Your task is to implement context-sensitive spelling corrector using N-gram language model. The idea is to compute conditional probabilities of possible correction options. For example, the phrase "dking sport" should be fixed as "doing sport" not "dying sport", while "dking species" -- as "dying species".

The best way to start is to analyze [Norvig's solution](https://norvig.com/spell-correct.html).

[N-gram Language Models](https://web.stanford.edu/~jurafsky/slp3/3.pdf)

You may also wnat to implement:
- spell-checking for a concrete language - Russian, Tatar, Ukranian, etc. - any one you know, such that the solution accounts for language specifics,
- some recent (or not very recent) paper on this topic,
- solution which takes into account keyboard layout and associated misspellings,
- efficiency improvement to make the solution faster,
- any other idea of yours to improve the Norvig’s solution.

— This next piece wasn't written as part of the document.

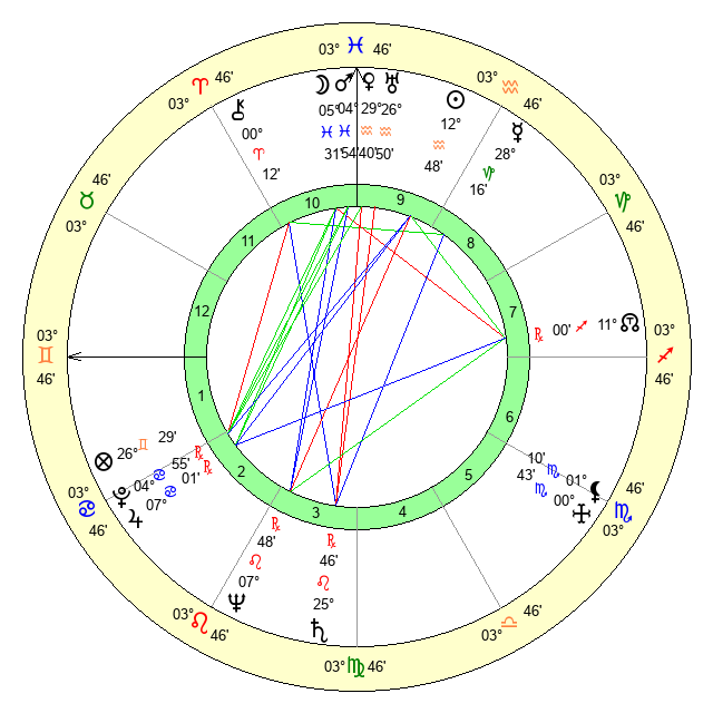 | Moon | 5 Pisces 28 | 9 Aries 21 | 19 Capricorn 17 |

Important - your project should not be a mere code copy-paste from somewhere. Implement yourself, analyze why it was suggested this way, and think of improvements/customization.

Your solution should be able to perform 4 corrections per second (3-5 words in an example) on a typical cpu.

In [28]:
import nltk
import requests

nltk.download('brown')
nltk.download('punkt')
nltk.download('treebank')

import re
import itertools
import random
from collections import Counter, defaultdict
from typing import List, Tuple, Set, Generator, Iterator

[nltk_data] Downloading package brown to /root/nltk_data...
[nltk_data]   Package brown is already up-to-date!
[nltk_data] Downloading package punkt to /root/nltk_data...
[nltk_data]   Package punkt is already up-to-date!
[nltk_data] Downloading package treebank to /root/nltk_data...
[nltk_data]   Package treebank is already up-to-date!


In [29]:
class Corrector:
    def __init__(self, ngram_dict_path: str):
        self.model = defaultdict(lambda: defaultdict(lambda: 0))
        self.nd_path = ngram_dict_path # n-gram dictionary file path
    
    def load_nd(self):
        "Load n-gram dictionary to self.model from file"
        
        with open(self.nd_path, "r") as f:
            for s in f:
                splitted = s.lower().split()
                w_key, w_value = tuple(splitted[1:-1]), tuple(splitted[-1:])
                count = int(splitted[0])
                self.model[w_key][w_value] += count
        
        for w_key in self.model:
            total_count = float(sum(self.model[w_key].values()))
            for w_value in self.model[w_key]:
                self.model[w_key][w_value] /= total_count

In [30]:
class NorvigCorrector(Corrector):
    def __init__(self, datafile: str, ngram_dict_path: str=None):
        super().__init__(ngram_dict_path)
        self.words = Counter(self.tokens(open(datafile).read()))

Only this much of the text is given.